Auto-configuration attempts to deduce which beans a user might need. For example, If
`HSQLDB` is on the classpath, and the user has not configured any database connections,
then they probably want an in-memory database to be defined. Auto-configuration will
always back away as the user starts to define their own beans.
=== spring-boot-starters
Starters are a set of convenient dependency descriptors that you can include in
your application. You get a one-stop-shop for all the Spring and related technology
that you need without having to hunt through sample code and copy paste loads of
dependency descriptors. For example, if you want to get started using Spring and JPA for
database access just include the `spring-boot-starter-data-jpa` dependency in your
project, and you are good to go.
=== spring-boot-cli
The Spring command line application compiles and runs Groovy source, making it super
easy to write the absolute minimum of code to get an application running. Spring CLI
can also watch files, automatically recompiling and restarting when they change.
=== spring-boot-actuator
Spring Boot Actuator provides additional auto-configuration to decorate your application
with features that make it instantly deployable and supportable in production. For
instance if you are writing a JSON web service then it will provide a server, security,
logging, externalized configuration, management endpoints, an audit abstraction, and
more. If you want to switch off the built in features, or extend or replace them, it
makes that really easy as well.
=== spring-boot-loader
Spring Boot Loader provides the secret sauce that allows you to build a single jar file
that can be launched using `java -jar`. Generally you will not need to use
`spring-boot-loader` directly, but instead work with the
link:spring-boot-tools/spring-boot-gradle-plugin[Gradle] or
link:spring-boot-tools/spring-boot-maven-plugin[Maven] plugin.
== Samples
Groovy samples for use with the command line application are available in
link:spring-boot-cli/samples[spring-boot-cli/samples]. To run the CLI samples type
`spring run <sample>.groovy` from samples directory.

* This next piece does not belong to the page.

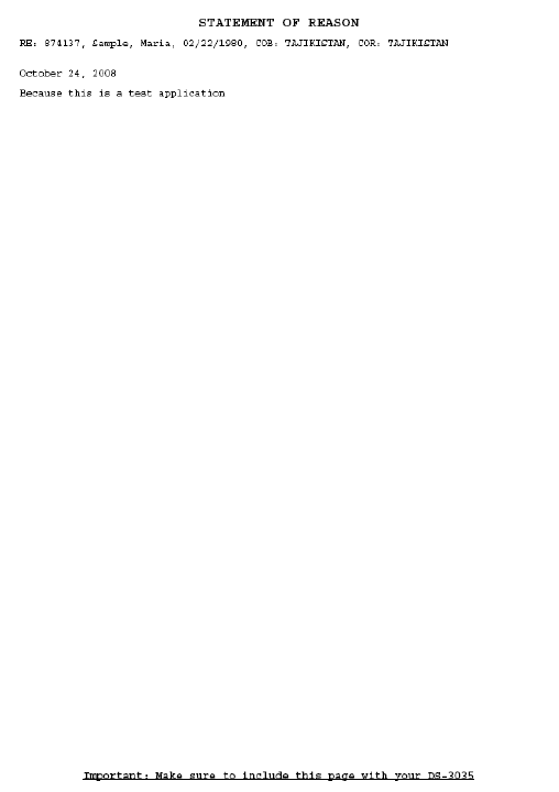 Statement of Reason: 온라인 신청서를 작성할 때 작성한 내용으로 다운로드 받은 패킷에서 찾을 수 있습니다. 제 경우는 페이지 8에 위치해 있었습니다.

Java samples are available in link:spring-boot-samples[spring-boot-samples] and should
be built with maven and run by invoking `java -jar target/<sample>.jar`. The following
java samples are provided:
* link:spring-boot-samples/spring-boot-sample-simple[spring-boot-sample-simple]
-- A simple command line application
* link:spring-boot-samples/spring-boot-sample-tomcat[spring-boot-sample-tomcat]
-- Embedded Tomcat
* link:spring-boot-samples/spring-boot-sample-jetty[spring-boot-sample-jetty]
-- Embedded Jetty
* link:spring-boot-samples/spring-boot-sample-actuator[spring-boot-sample-actuator]
-- Simple REST service with production features
* link:spring-boot-samples/spring-boot-sample-actuator-ui[spring-boot-sample-actuator-ui]
-- A web UI example with production features
* link:spring-boot-samples/spring-boot-sample-web-ui[spring-boot-sample-web-ui]
-- A thymeleaf web application
* link:spring-boot-samples/spring-boot-sample-web-static[spring-boot-sample-web-static]
-- A web application service static files
* link:spring-boot-samples/spring-boot-sample-batch[spring-boot-sample-batch]
-- Define and run a Batch job in a few lines of code
* link:spring-boot-samples/spring-boot-sample-data-jpa[spring-boot-sample-data-jpa]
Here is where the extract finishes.